Elasticsearch has generated an _id for us and has added other metadata to each record returned, including a score on how well the record matched the query.

This is a good time to point out that Elasticsearch is a great key/value or document store! It could easily replace MongoDB in our stack, and doing so could simplify and enhance scalability by reducing components. Remember, simplicity is key to scalability. That being said, Mongo has features we’ll be thankful for later, so don’t write it off.

## Python and Elasticsearch

In our web applications we will need to access Elasticsearch from within Python but outside Spark. To do so we use the Python Elasticsearch Client library available from PyPi under the `elasticsearch` package name.

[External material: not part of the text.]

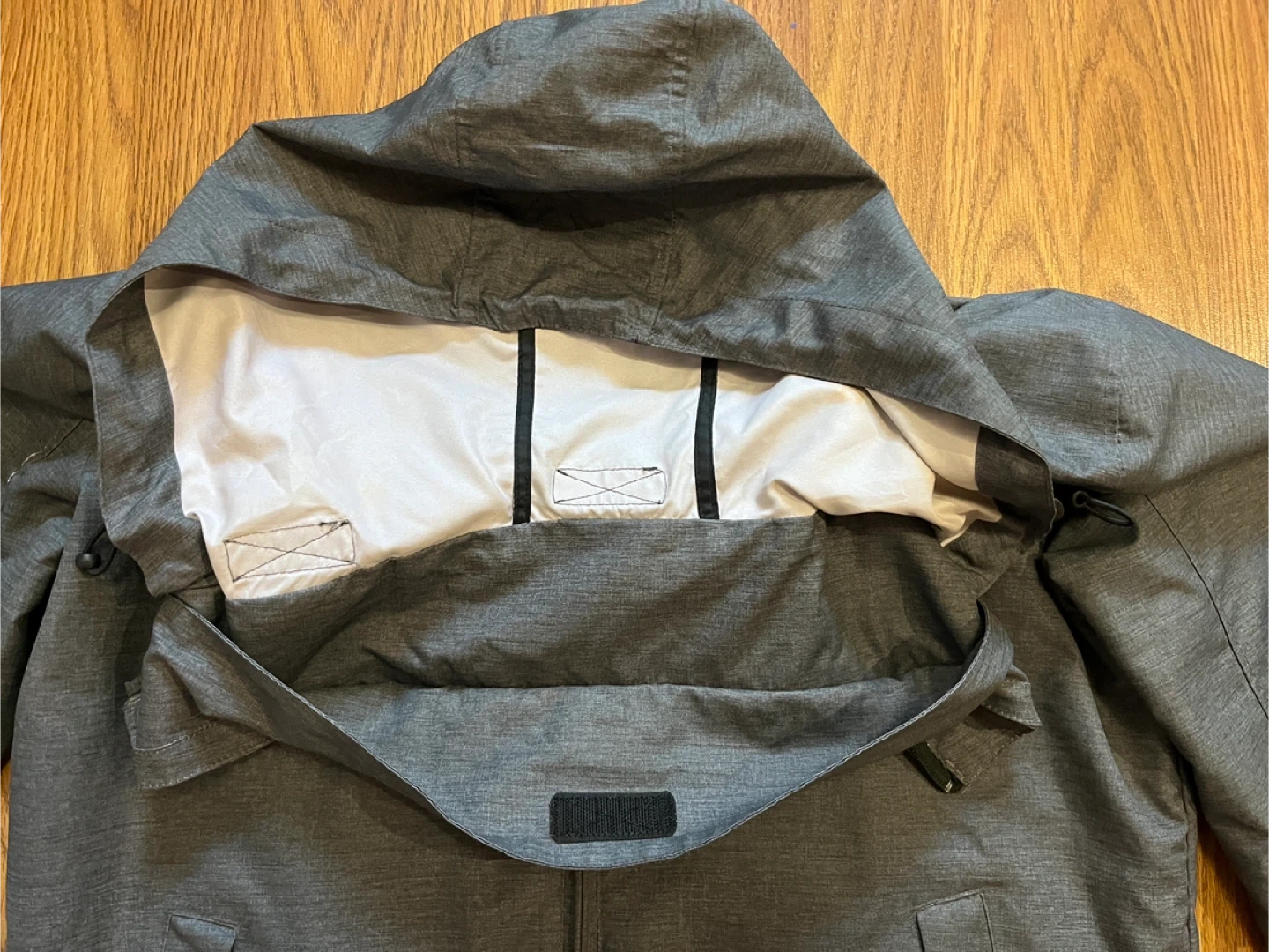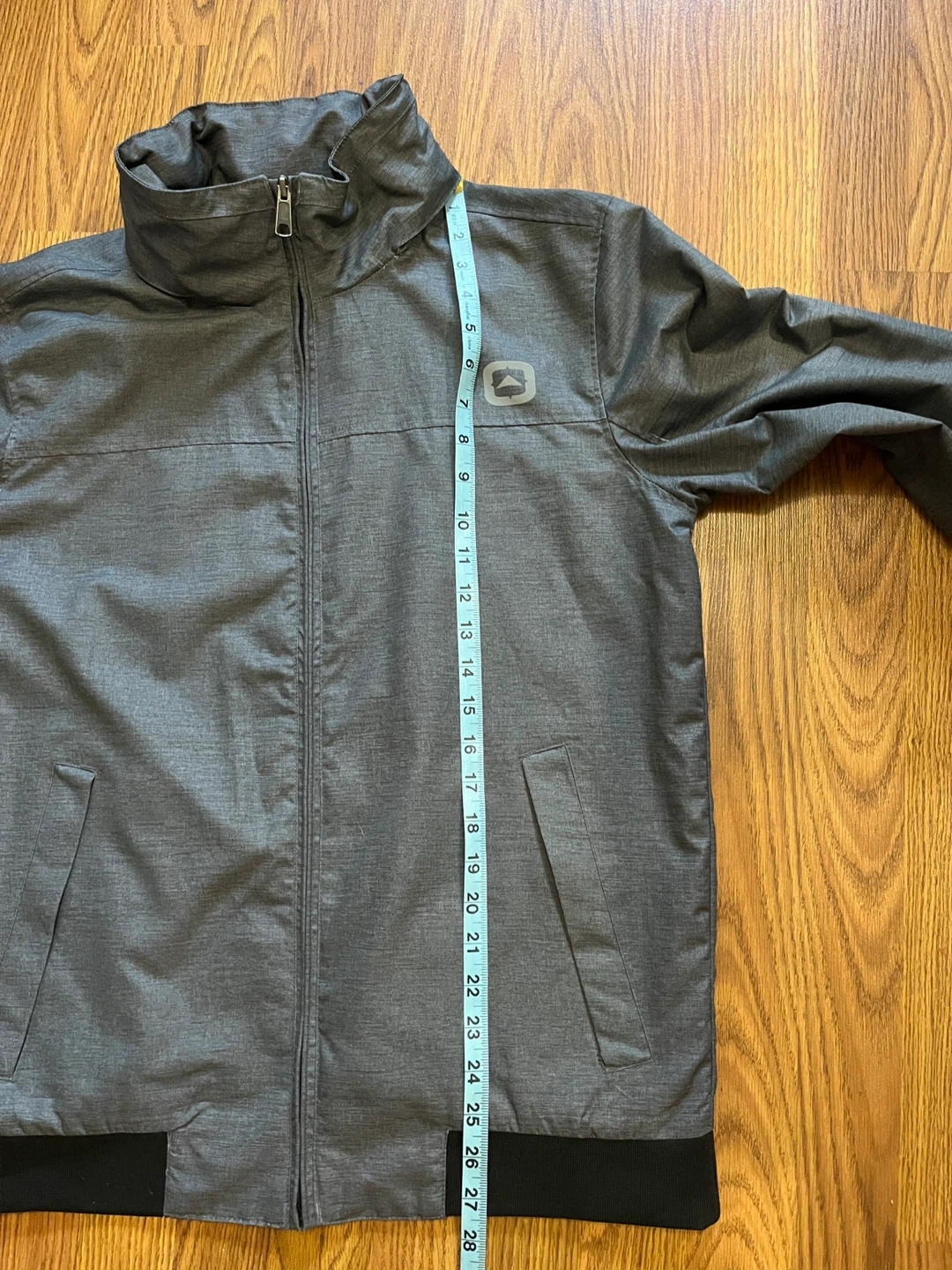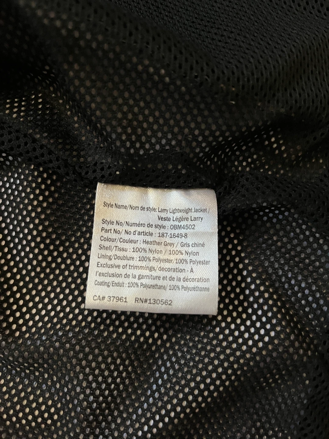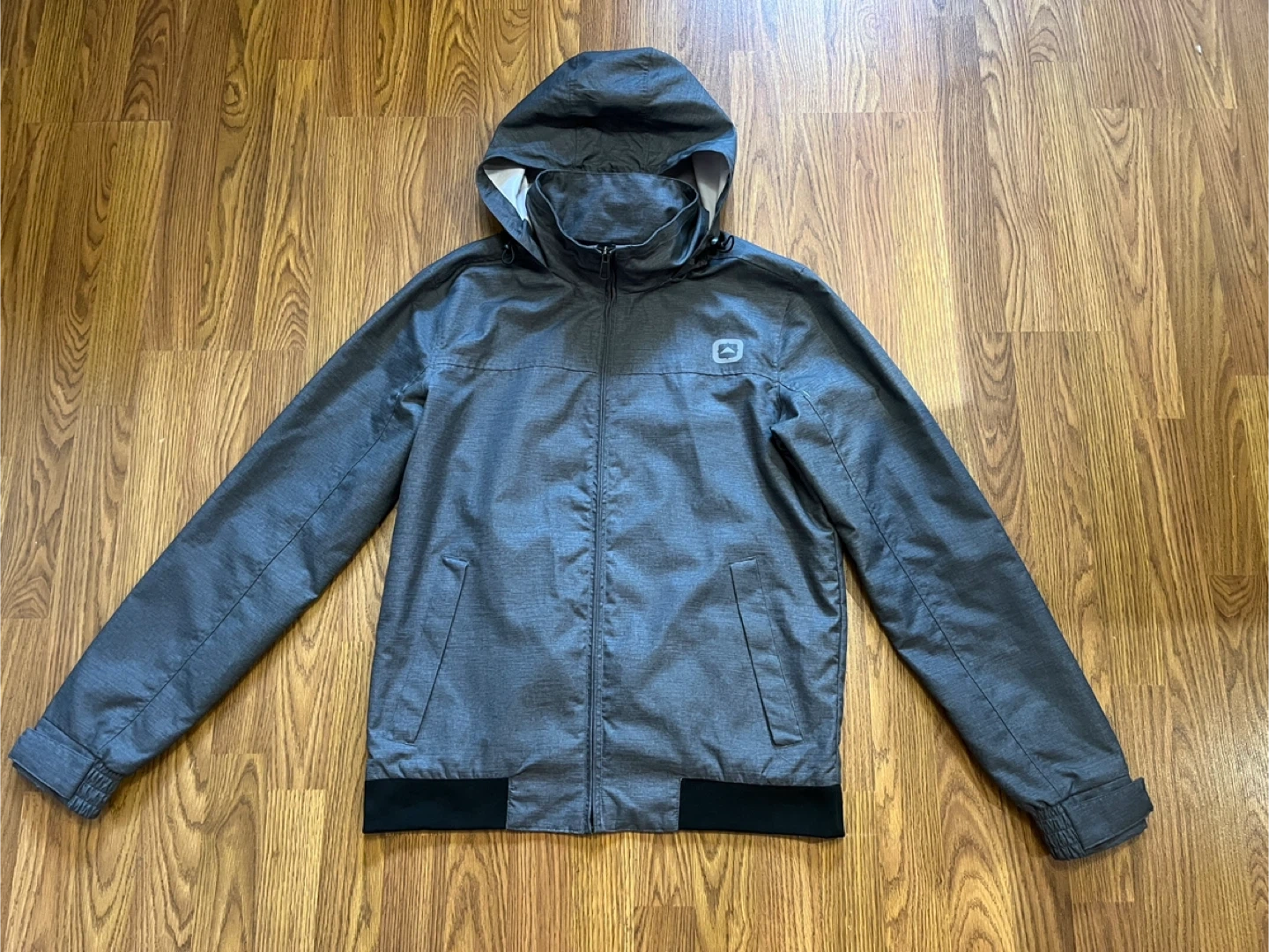 Outbound men’s lightweight ‘Larry’ hooded jacket, size small. Breathable, water-resistant nylon shell with mesh lining. Zip closure, adjustable cuffs, ribbed waistband, and roll-away hood. Excellent condition with light white streaks on inner upper sleeves. Smoke-free home. Flat measurements: • Pit to pit: 22” • Length: 27.5” • Hip: 19.5” • Sleeve: 27.5” Pickup in Oshawa - Harmony/Rossland area

Using `elasticsearch` is easy. Running the code below, you should see much the same content as was returned from Elasticsearch via `curl`.

In [27]:
import json
from elasticsearch7 import Elasticsearch


es = Elasticsearch('http://elastic:9200/')

print(
    json.dumps(
        es.search(index='executives', body={
            "query": {
                "match": {"name": "Russell"}
                }
            }
        ),
        indent=4,
        sort_keys=True
    )
)

{
    "_shards": {
        "failed": 0,
        "skipped": 0,
        "successful": 1,
        "total": 1
    },
    "hits": {
        "hits": [
            {
                "_id": "Y1Ob64wBrenEcs-N0G2n",
                "_index": "executives",
                "_score": 1.0296195,
                "_source": {
                    "company": "Relato",
                    "name": "Russell Jurney",
                    "title": "CEO"
                },
                "_type": "_doc"
            },
            {
                "_id": "aFOb64wBrenEcs-N0G2n",
                "_index": "executives",
                "_score": 1.0296195,
                "_source": {
                    "company": "Data Syndrome",
                    "name": "Russell Jurney",
                    "title": "Principal Consultant"
                },
                "_type": "_doc"
            }
        ],
        "max_score": 1.0296195,
        "total": {
            "relation": "eq",
            "value": 2
       



## Distributed Streams with Apache Kafka

According to its website, “Kafka™ is used for building real-time data pipelines and streaming apps. It is horizontally scalable, fault-tolerant, wicked fast, and runs in production in thousands of companies.” We’ll be using Kafka streams to make predictions in “sub real time,” using Spark Streaming. Kafka can also be used to collect data and aggregate it to bulk storage like HDFS or Amazon S3.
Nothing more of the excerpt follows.